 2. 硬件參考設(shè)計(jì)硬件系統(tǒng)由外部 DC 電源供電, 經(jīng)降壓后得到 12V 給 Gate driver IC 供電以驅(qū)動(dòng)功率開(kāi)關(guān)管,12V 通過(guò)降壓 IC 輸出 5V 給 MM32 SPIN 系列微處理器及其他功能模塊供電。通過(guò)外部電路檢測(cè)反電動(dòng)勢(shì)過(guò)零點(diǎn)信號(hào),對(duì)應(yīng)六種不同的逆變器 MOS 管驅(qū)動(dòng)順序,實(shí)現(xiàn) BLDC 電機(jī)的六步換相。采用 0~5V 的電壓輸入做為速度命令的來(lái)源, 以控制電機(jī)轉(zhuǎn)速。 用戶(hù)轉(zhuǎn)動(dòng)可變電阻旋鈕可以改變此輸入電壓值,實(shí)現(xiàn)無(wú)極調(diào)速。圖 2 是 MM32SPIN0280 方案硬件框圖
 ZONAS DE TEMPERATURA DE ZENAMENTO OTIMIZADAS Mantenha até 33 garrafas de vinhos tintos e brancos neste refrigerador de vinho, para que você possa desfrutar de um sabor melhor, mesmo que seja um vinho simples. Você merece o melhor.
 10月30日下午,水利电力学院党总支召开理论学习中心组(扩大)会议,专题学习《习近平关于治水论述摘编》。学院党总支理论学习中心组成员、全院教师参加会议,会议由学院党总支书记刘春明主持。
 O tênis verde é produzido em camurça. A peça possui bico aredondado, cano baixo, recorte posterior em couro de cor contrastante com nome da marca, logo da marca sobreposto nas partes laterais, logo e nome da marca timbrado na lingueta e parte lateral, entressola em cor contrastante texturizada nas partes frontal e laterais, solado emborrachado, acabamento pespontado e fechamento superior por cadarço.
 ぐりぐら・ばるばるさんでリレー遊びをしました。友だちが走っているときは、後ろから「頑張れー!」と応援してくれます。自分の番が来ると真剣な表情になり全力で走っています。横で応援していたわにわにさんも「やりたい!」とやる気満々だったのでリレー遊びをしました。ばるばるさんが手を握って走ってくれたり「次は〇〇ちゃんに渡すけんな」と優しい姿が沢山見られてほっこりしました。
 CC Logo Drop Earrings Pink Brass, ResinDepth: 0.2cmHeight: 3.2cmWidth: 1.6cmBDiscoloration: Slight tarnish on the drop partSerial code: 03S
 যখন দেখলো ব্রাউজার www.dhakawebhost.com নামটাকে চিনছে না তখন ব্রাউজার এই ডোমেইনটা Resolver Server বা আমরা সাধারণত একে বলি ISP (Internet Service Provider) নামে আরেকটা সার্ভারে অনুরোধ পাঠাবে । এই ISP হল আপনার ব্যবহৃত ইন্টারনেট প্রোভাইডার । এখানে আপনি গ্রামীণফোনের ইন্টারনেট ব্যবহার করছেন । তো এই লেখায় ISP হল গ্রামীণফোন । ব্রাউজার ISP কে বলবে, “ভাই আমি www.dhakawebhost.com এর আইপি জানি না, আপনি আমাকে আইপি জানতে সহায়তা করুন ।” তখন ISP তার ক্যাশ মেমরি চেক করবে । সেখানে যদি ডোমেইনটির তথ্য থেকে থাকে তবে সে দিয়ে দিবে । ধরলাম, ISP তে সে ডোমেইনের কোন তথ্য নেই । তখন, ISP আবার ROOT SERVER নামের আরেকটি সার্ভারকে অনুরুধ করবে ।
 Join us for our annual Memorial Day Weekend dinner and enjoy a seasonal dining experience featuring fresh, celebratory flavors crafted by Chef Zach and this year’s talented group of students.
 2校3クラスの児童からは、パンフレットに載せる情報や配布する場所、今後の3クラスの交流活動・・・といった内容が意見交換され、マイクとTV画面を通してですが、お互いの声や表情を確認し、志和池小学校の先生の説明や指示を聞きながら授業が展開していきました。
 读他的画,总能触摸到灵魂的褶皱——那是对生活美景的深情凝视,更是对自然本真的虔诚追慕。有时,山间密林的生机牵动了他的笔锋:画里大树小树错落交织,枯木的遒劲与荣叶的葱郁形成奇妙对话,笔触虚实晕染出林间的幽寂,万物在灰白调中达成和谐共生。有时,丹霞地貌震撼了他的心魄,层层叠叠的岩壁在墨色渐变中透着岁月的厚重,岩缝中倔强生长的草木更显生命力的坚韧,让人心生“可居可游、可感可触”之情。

WHAT THE TASK ASKS >> Make an exact transcription of the entries above.

ANSWER TO THE EXERCISE >>
 2. 硬件參考設(shè)計(jì)硬件系統(tǒng)由外部 DC 電源供電, 經(jīng)降壓后得到 12V 給 Gate driver IC 供電以驅(qū)動(dòng)功率開(kāi)關(guān)管,12V 通過(guò)降壓 IC 輸出 5V 給 MM32 SPIN 系列微處理器及其他功能模塊供電。通過(guò)外部電路檢測(cè)反電動(dòng)勢(shì)過(guò)零點(diǎn)信號(hào),對(duì)應(yīng)六種不同的逆變器 MOS 管驅(qū)動(dòng)順序,實(shí)現(xiàn) BLDC 電機(jī)的六步換相。采用 0~5V 的電壓輸入做為速度命令的來(lái)源, 以控制電機(jī)轉(zhuǎn)速。 用戶(hù)轉(zhuǎn)動(dòng)可變電阻旋鈕可以改變此輸入電壓值,實(shí)現(xiàn)無(wú)極調(diào)速。圖 2 是 MM32SPIN0280 方案硬件框圖
 ZONAS DE TEMPERATURA DE ZENAMENTO OTIMIZADAS Mantenha até 33 garrafas de vinhos tintos e brancos neste refrigerador de vinho, para que você possa desfrutar de um sabor melhor, mesmo que seja um vinho simples. Você merece o melhor.
 10月30日下午,水利电力学院党总支召开理论学习中心组(扩大)会议,专题学习《习近平关于治水论述摘编》。学院党总支理论学习中心组成员、全院教师参加会议,会议由学院党总支书记刘春明主持。
 O tênis verde é produzido em camurça. A peça possui bico aredondado, cano baixo, recorte posterior em couro de cor contrastante com nome da marca, logo da marca sobreposto nas partes laterais, logo e nome da marca timbrado na lingueta e parte lateral, entressola em cor contrastante texturizada nas partes frontal e laterais, solado emborrachado, acabamento pespontado e fechamento superior por cadarço.
 ぐりぐら・ばるばるさんでリレー遊びをしました。友だちが走っているときは、後ろから「頑張れー!」と応援してくれます。自分の番が来ると真剣な表情になり全力で走っています。横で応援していたわにわにさんも「やりたい!」とやる気満々だったのでリレー遊びをしました。ばるばるさんが手を握って走ってくれたり「次は〇〇ちゃんに渡すけんな」と優しい姿が沢山見られてほっこりしました。
 CC Logo Drop Earrings Pink Brass, ResinDepth: 0.2cmHeight: 3.2cmWidth: 1.6cmBDiscoloration: Slight tarnish on the drop partSerial code: 03S
 যখন দেখলো ব্রাউজার www.dhakawebhost.com নামটাকে চিনছে না তখন ব্রাউজার এই ডোমেইনটা Resolver Server বা আমরা সাধারণত একে বলি ISP (Internet Service Provider) নামে আরেকটা সার্ভারে অনুরোধ পাঠাবে । এই ISP হল আপনার ব্যবহৃত ইন্টারনেট প্রোভাইডার । এখানে আপনি গ্রামীণফোনের ইন্টারনেট ব্যবহার করছেন । তো এই লেখায় ISP হল গ্রামীণফোন । ব্রাউজার ISP কে বলবে, “ভাই আমি www.dhakawebhost.com এর আইপি জানি না, আপনি আমাকে আইপি জানতে সহায়তা করুন ।” তখন ISP তার ক্যাশ মেমরি চেক করবে । সেখানে যদি ডোমেইনটির তথ্য থেকে থাকে তবে সে দিয়ে দিবে । ধরলাম, ISP তে সে ডোমেইনের কোন তথ্য নেই । তখন, ISP আবার ROOT SERVER নামের আরেকটি সার্ভারকে অনুরুধ করবে ।
 Join us for our annual Memorial Day Weekend dinner and enjoy a seasonal dining experience featuring fresh, celebratory flavors crafted by Chef Zach and this year’s talented group of students.
 2校3クラスの児童からは、パンフレットに載せる情報や配布する場所、今後の3クラスの交流活動・・・といった内容が意見交換され、マイクとTV画面を通してですが、お互いの声や表情を確認し、志和池小学校の先生の説明や指示を聞きながら授業が展開していきました。
 读他的画,总能触摸到灵魂的褶皱——那是对生活美景的深情凝视,更是对自然本真的虔诚追慕。有时,山间密林的生机牵动了他的笔锋:画里大树小树错落交织,枯木的遒劲与荣叶的葱郁形成奇妙对话,笔触虚实晕染出林间的幽寂,万物在灰白调中达成和谐共生。有时,丹霞地貌震撼了他的心魄,层层叠叠的岩壁在墨色渐变中透着岁月的厚重,岩缝中倔强生长的草木更显生命力的坚韧,让人心生“可居可游、可感可触”之情。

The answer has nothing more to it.